Я должен рассказать о ней подробно. Это был бар, и она сидела там – страшная, как яблочный монстр, злая такая, безвылазная, она сидела там и барабанила руками по бару, как будто слова перепутала и теперь барабанила, короткие волосы – острая проблема, линией срезаны, как самолёт пролетел. Она была уже стареющая, выносила себя как мусор из дома, сажала куда-нибудь на восток и пела туда, обращаясь к невидимому эстету, голос исходил от неё ниточкой, тянулся из старозащитного шва, и там открывалась эта рана глубинно-серого цвета, этот шанс, который хранился под кожей, и раньше она хотела вытащить его оттуда, воспользоваться, но как-то не получилось, и со временем она перестала пытаться. Обстоятельства швырнули её в сорокапятилетнего человека, и когда она летела туда, то попыталась расслабиться и только смотрела по сторонам: как ангел лечу, думала она, и в этом состоянии я встретил её в одном из баров. И ничего не надо было объяснять, она сразу же поняла:
– Знаешь эту историю? Одному парню в голову пришла мысль, и она была такая острая, что он поранился этой мыслью, и у него развился скепсис. Так до конца жизни и ходил с ним. И здесь у нас похожая ситуация: кто-то пустил в тебя информацию, она попала под кожу, и случилась эта инфекция, воспаление всего человека…
– Поэтому я обрастаю собой?
– Нет, ты обрастаешь не поэтому. Но поэтому ты заметил, что обрастаешь.
Так она сказала, и я всё понял – причины внезапного проницательства, и этот дискомфорт, эти опавшие волосы, взорванные пальцы – ненасытность из рода в род – когда ты утонул в своём теле… Она сказала, и с того момента я уже не плыл – я знал, куда идут мои ноги, и зачем они туда идут, а вода переходила в пейзаж, который я создавал своим зрением, «стоя на берегу рыбокаменной реки»…

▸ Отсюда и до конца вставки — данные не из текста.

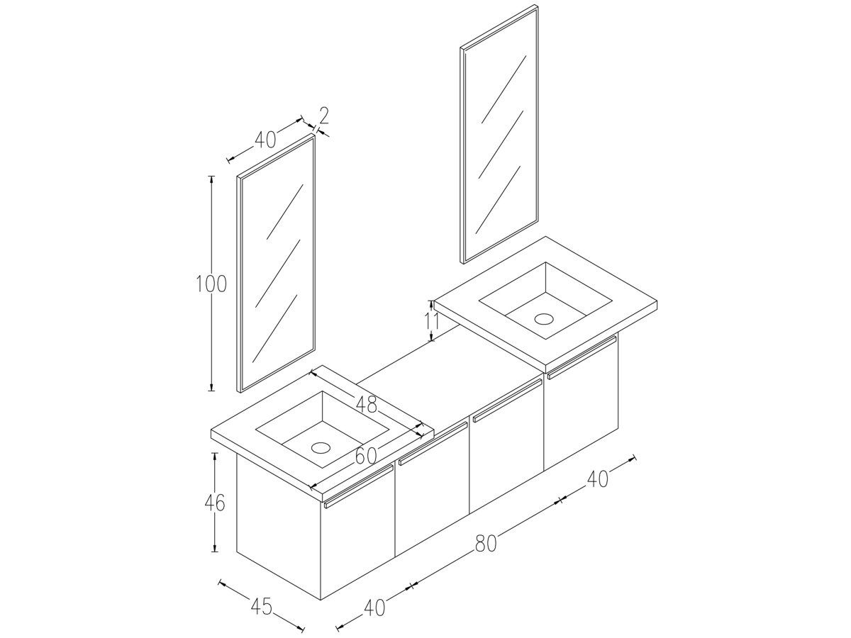 Έπιπλο Μπάνιου ECO-160 160 εκ. Βάση & δύο νιπτήρες, MFC Χρώμα Μελαμίνης Teak FT21.160.002T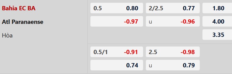 Thông tin tỷ lệ cược Bahia vs Paranaense: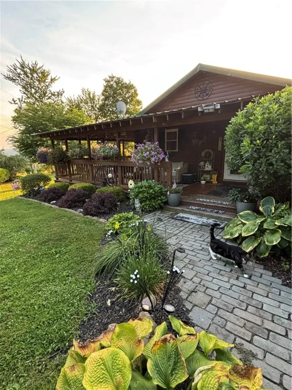 This relatively newer log home built in 2003 is fully updated and move-in ready and in like-new condition offering many wonderful amenities both inside and outside. Outside you will immediately notice the amazing curb appeal, not only of the home itself, but also with the attention to detail of the landscaping and the multitude of shrubs, bushes, perennials. A large outdoor koi fish pond framed with a covered patio area will greet you on the lower level. There are also 2 outbuildings (a smaller tool shed and a larger 16' x 32' storage shed with a full-sized overhead door usable for vehicle and/or equipment storage and/or workshop area). The upper level is framed on the outside with a large wrap-around covered deck (10' x 25' on one side and 10' x 35' on other side). This is a large entertainment space and is a peaceful sanctuary overlooking the valley. The covered deck was built in 2016 and the metal roof was installed in 2017. Inside you will notice all new appliances in the large, open eat-in kitchen. This home offers 3 bedrooms and 2 full baths on the main level and a 1/2 bath in the lower partially finished basement. You will be taken aback once you seen the artistic workmanship put into the lower level with a western motif. The lower living room area also offers a relatively large dry bar that leads right out to the lower patio area. This is another great entertainment area regardless of the weather. The back unfinished area of the basement offers a small workshop area that contains the utility systems for the house. This is separated with an ornate set of French doors. This is a must see and won't disappoint. Home is located on a quiet tranquil rural road offering tranquility and privacy.

– А где эта река? – спросил кто-то.
Река, речь. Ещё раз сначала, пожалуйста.
* * *
Он стоял перед чётким двухэтажным домом из вулканного туфа, обращённым перпендикулярно движению густой живой реки, слетающей по камням выпуклыми зеркалами рыб, и в его глазах отображались разноцветные мечты, дом и река, приспособленная в виде пейзажа. Он хотел бы остаться тут, сидеть внутри одного из окон, как плоская мушка-стекольница, или осознанно врасти сюда, обладать в голове, словами говорить: я домой пришёл. Но до этого далеко было, так далеко, что ноги скрипели, выросшие из туловища готовыми шагами, – ни одним органом своего тела Гюн не доходил, как ему этот дом обрести.
Где-то в глубине головы – тонкие подёргивания, стремление росло медленно, сплеталось из импульсов и памяти. Какие-то архетипы, история из детства, как и полагается, там один из родителей, по виду женщина, и она говорила: если ты что-то захочешь – высмотри это. И теперь он стоял тут изо дня в день, худой, относительный, и высматривал дом из туфа, врытый в берег рыбокаменной воды.

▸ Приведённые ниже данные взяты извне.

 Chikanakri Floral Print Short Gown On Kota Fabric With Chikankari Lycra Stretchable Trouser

Требовалось чёткое ощущение цели. Другое было врождённым – умение смотреть. Ребёнком ещё человек начинал понемногу высматривать: сначала одну стену высмотрит – заплачет, чтобы его перенесли куда-нибудь, потом – другую стену, потолок, комнату, весь двор и всю улицу. Потом станет взрослым и, может быть, захочет высмотреть весь мир и многих его людей, но завязнет где-нибудь в одном городе, одном наборе друзей и каждый день будет высматривать одни и те же цифры, буквы, дела, лица, пока не расстанется с последними силами любопытства. Но пока ещё не завяз, у него есть шанс всмотреться во что-то такое, что другие люди не видели никогда, и стать собственником этого озарения.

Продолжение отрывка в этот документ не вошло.